Notably, other work by Ghassemi and Celi led by MIT student Hammaad Adam found that models can also identify patients’ self-reported race from clinical notes, even when those notes lack explicit indicators of race. Just like in this work, human experts are not able to accurately predict patient race from the same redacted clinical notes.

“We need to bring in the social scientists. Domain experts, who are usually clinicians, public health practitioners, computer scientists and engineers, are not enough. Health care is as much a socio-cultural issue as it is a medical one. We need another group of experts to weigh in and provide input and feedback on how we design, develop, deploy and evaluate these algorithms,” Celi says. “We must also ask data scientists, before any data exploration, are there any disparities? Which patient groups are marginalized? What are the drivers of these disparities? Is it access to care? Is it the subjectivity of caregivers? If we don’t understand this, we won’t have a chance of being able to identify unintended consequences of algorithms, and there’s no way to protect algorithms from perpetuating bias.

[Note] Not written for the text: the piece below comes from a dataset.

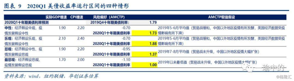 从基本面定价模型看,有破1%的可能。我们可以做一个大概的情形预判,以美债三因素模型(GDP增速替代实际利率、CPI替代通胀预期、AMCTP替代风险偏好)为分析框架,我们假设了乐观、中性、悲观、最悲观四种情形,测算了2020Q1可能的美债收益率运行区间。可以看到若疫情继续发酵,美国一季度GDP增速掉至1.7%-1.9%,CPI在2.0-2.2%,风险偏好没有进一步恶化维持现在位置,那么美债收益率的基本面定价中枢应当在1%-1.4%区间,如果考虑经济冲击和风险偏好进一步恶化,存在破1%的可能性。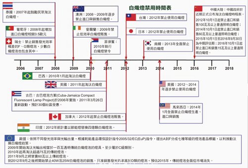 圖1 各國禁用白熾燈時(shí)程表 資料來源:LEDinside(03/2013)

“The fact that algorithms “see” race, as the authors convincingly document, can be dangerous. But an important and related fact is that, when used with care, algorithms can also work to counteract bias,” says Ziad Obermeyer, an associate professor at the University of California, Berkeley, whose research focuses on the AI applied to health. “In our own work, led by computer scientist Emma Pierson of Cornell, we show that algorithms that learn from patients’ pain experiences can find new sources of knee pain in X-rays that disproportionately affect black patients. – and are disproportionately missed by radiologists. So, like any tool, algorithms can be a force for evil or a force for good – which is up to us and the choices we make when building algorithms.

The work is supported, in part, by the National Institutes of Health.